7. A bull is a powerful animal. However, can a cell exert a force? Does tumour environment differ
from normal tissues? Measuring mechanical forces in cells. Tissue stiffness. Tricks and tips. Atomic
force microscopy, optical tweezers, nanopillars, Brillouin microscopy, …

8. Can we image specific atoms, ions, bonds, structures? Chemical specificity by Raman Spectroscopy, CARS, EDS/EDX (EM mode), pH/ion imaging/voltage
imaging.

9. How to get my sample ready to win ‘Imaging contest’? It must be bright, colourful and artifact
free? Advanced labelling methods: 30 colour microscopy (antibody exchange), DNA-PAINT for
labelling without antibodies and ligands, biorthogonal (direct) labelling of molecules, …

Entry requirements

Last update: Mgr.
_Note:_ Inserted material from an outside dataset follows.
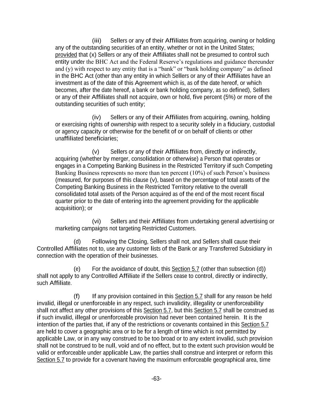 -63- (iii) Sellers or any of their Affiliates from acquiring, owning or holding any of the outstanding securities of an entity, whether or not in the United States; provided that (x) Sellers or any of their Affiliates shall not be presumed to control such entity under the BHC Act and the Federal Reserve’s regulations and guidance thereunder and (y) with respect to any entity that is a “bank” or “bank holding company” as defined in the BHC Act (other than any entity in which Sellers or any of their Affiliates have an investment as of the date of this Agreement which is, as of the date hereof, or which becomes, after the date hereof, a bank or bank holding company, as so defined), Sellers or any of their Affiliates shall not acquire, own or hold, five percent (5%) or more of the outstanding securities of such entity; (iv) Sellers or any of their Affiliates from acquiring, owning, holding or exercising rights of ownership with respect to a security solely in a fiduciary, custodial or agency capacity or otherwise for the benefit of or on behalf of clients or other unaffiliated beneficiaries; (v) Sellers or any of their Affiliates from, directly or indirectly, acquiring (whether by merger, consolidation or otherwise) a Person that operates or engages in a Competing Banking Business in the Restricted Territory if such Competing Banking Business represents no more than ten percent (10%) of such Person’s business (measured, for purposes of this clause (v), based on the percentage of total assets of the Competing Banking Business in the Restricted Territory relative to the overall consolidated total assets of the Person acquired as of the end of the most recent fiscal quarter prior to the date of entering into the agreement providing for the applicable acquisition); or (vi) Sellers and their Affiliates from undertaking general advertising or marketing campaigns not targeting Restricted Customers. (d) Following the Closing, Sellers shall not, and Sellers shall cause their Controlled Affiliates not to, use any customer lists of the Bank or any Transferred Subsidiary in connection with the operation of their businesses. (e) For the avoidance of doubt, this Section 5.7 (other than subsection (d)) shall not apply to any Controlled Affiliate if the Sellers cease to control, directly or indirectly, such Affiliate. (f) If any provision contained in this Section 5.7 shall for any reason be held invalid, illegal or unenforceable in any respect, such invalidity, illegality or unenforceability shall not affect any other provisions of this Section 5.7, but this Section 5.7 shall be construed as if such invalid, illegal or unenforceable provision had never been contained herein. It is the intention of the parties that, if any of the restrictions or covenants contained in this Section 5.7 are held to cover a geographic area or to be for a length of time which is not permitted by applicable Law, or in any way construed to be too broad or to any extent invalid, such provision shall not be construed to be null, void and of no effect, but to the extent such provision would be valid or enforceable under applicable Law, the parties shall construe and interpret or reform this Section 5.7 to provide for a covenant having the maximum enforceable geographical area, time

Aleš Benda, Ph.D. (14.10.2018)

The lectures will be taught in English.

Prerequisite:

Biologie buňky (Biology of the cell) - MB150P31(E)

Recommended:

Fluorescenční mikroskopie v buněčné biologii (Fluorescence microscopy of cells) - MB151P96

Landmarks/Milestones of Cell Biology - MBCPLUS002

Registration requirements

Last update: Mgr. Aleš Benda, Ph.D. (14.10.2018)

The course is designed for Master and PhD students.